Папа покачал головой:

– В Южной Флориде. В городе под названием Зайон-Хиллс.

– Во Флориде?

– Там гигантская еврейская община. Дядя Норман говорит, арендная плата там меньше, да и жилье лучше. Иму уже пригласили на собеседование в тамошнюю начальную школу.

– Причем эта школа может себе позволить такую роскошь, как грамотность и туалеты для учителей, представляешь? – Мама выдавила радостную улыбку. – Да и для старших классов там элитарная ешива. У нее блестящая репутация.

Я вдруг поразился тишине нашего дома – тяжелой, глухой. Я взглянул на отца и вернулся к еде.

– Ладно.

Наверное, тон, каким я это сказал, тот факт, что столь значительное решение не вызвало во мне отклика, можно было счесть тревожным признаком: на душе у меня неспокойно. Я редко смотрел фильмы, ведь это же Боро-Парк, там опасаются духовной заразы, но я знал, что в кино это наверняка был бы напряженный момент. Однако сам ничего такого не чувствовал – ни грусти, ни страданий из-за неожиданных перемен. Напротив, мысль о том, что я освобожусь от нескончаемого однообразия моего нынешнего существования, будоражила, точно предвкушение побега. Я устал от неизбывной, неумолимой чеховской скуки, устал сидеть в одиночку в библиотеках и сожалеть о том, что мне не дано изведать, – о мучительной любви, великих странствиях и ностосе[26]. Где-то там, далеко, думал я, кипит лучшая жизнь, полная не только отголосков, но и звуков счастья. Бэкон утверждал, будто бы все люди поклоняются “идолам пещеры”, то бишь тем верованиям, из которых и складывается наша натура и – по крайней мере, в моем случае – наш провал. Мои же идолы, как я теперь понимаю, были таковы: глубинное презрение к серому на сером[27] и нетерпимость к тому, что Фрейд называл “заурядно-безрадостной жизнью”.

 

Родители недоуменно переглянулись.

– Ладно?

– В смысле, я не возражаю, – сказал я.

– Быть может, тебе нужно подумать, – предположил отец.

– Меньше всего нам хочется вырывать тебя из привычного окружения, – добавила мать.

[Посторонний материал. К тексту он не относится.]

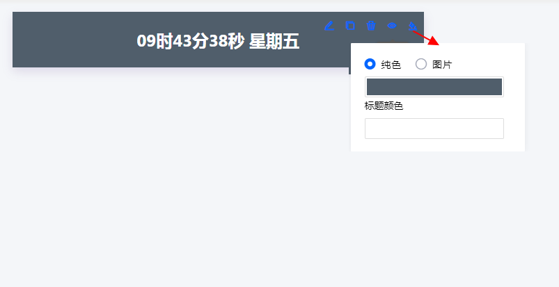 实时时间组件支持设置组件背景(包括颜色背景和图片背景)和字体颜色: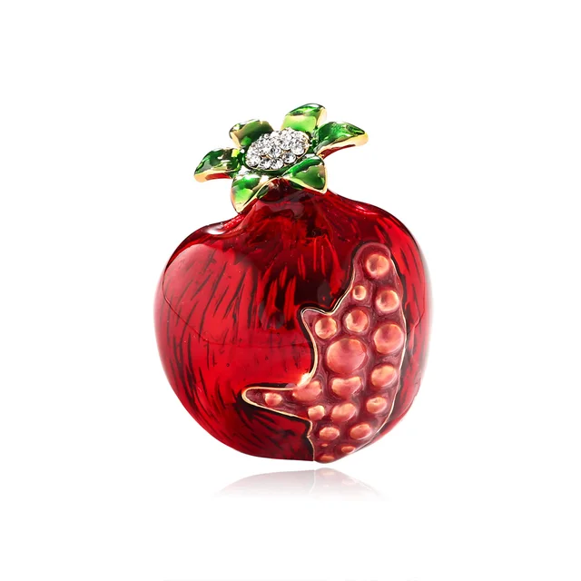 Trendy Enamel Fruit Shape Red Pomegranate Brooch for Women Green Leaf Cherry Brooches Suit Lapel Pin Clothing Scarf Badges

– Мы всё понимаем, – продолжал отец. – Если нужно, я могу на год найти какую-нибудь другую работу, пока ты не окончишь школу. Возможно, нам придется туговато, но мы ведь верим в ашгаха пратит[28], верно? Хашем[29] порой устраивает все так, как и не ожидаешь.

Мать взяла меня за руку:

– Мы понимаем, что здесь вся твоя жизнь.

Я покачал головой:

– Я хочу уехать.

Я опустил глаза и продолжил жевать. На улице белел снег и сверкал лед.

* * *

Ребятам я рассказал обо всем лишь в июне, в наш последний день в одиннадцатом классе. Мы сидели на площадке за школой. На качелях Шимон, Мордехай и Реувен спорили о Гемаре, которую мы изучали: при каких условиях можно нарушить шаббат, чтобы спасти жизнь.

– Можно нарушить шаббат, чтобы спасти жизнь младенца, которому день от роду, – пылко заявил Шимон. – Так говорит раббан Шимон бен Гамлиэль[30].

– Ага, это как у врачей, – подхватил Мордехай. – Отрезать ногу, чтобы спасти тело. Нарушить один шаббат, чтобы потом соблюсти многие. Это же пшат[31]. Легкотня.

Шимон раздраженно цокнул языком.

– Не воруй слова Рамбама. Это плугиат.

– Плагиат, – поправил Мордехай.

– Какая разница. Штус[32].

– Нет. – Реувен раскачался, взлетел выше, и цепи, удерживавшие его над нами, застонали. – Вот тебе еще. – Он был долговязый, с жуткими зубами. Уверял, будто родители из религиозных соображений не разрешают ему носить брекеты. (“Не искажай тело твое, – педантично повторял он. – Так написано в Ваикре![33]”)

Шимон кашлянул, вытер руки о рубашку.

– Да?

– А если есть сомнение? – Когда Реувен задавал такие вопросы, взгляд его часто становился ледяным.

– Сомнение? – переспросил Мордехай. – Какое еще сомнение?

– Ну если ты не знаешь наверняка, умрет кто или нет.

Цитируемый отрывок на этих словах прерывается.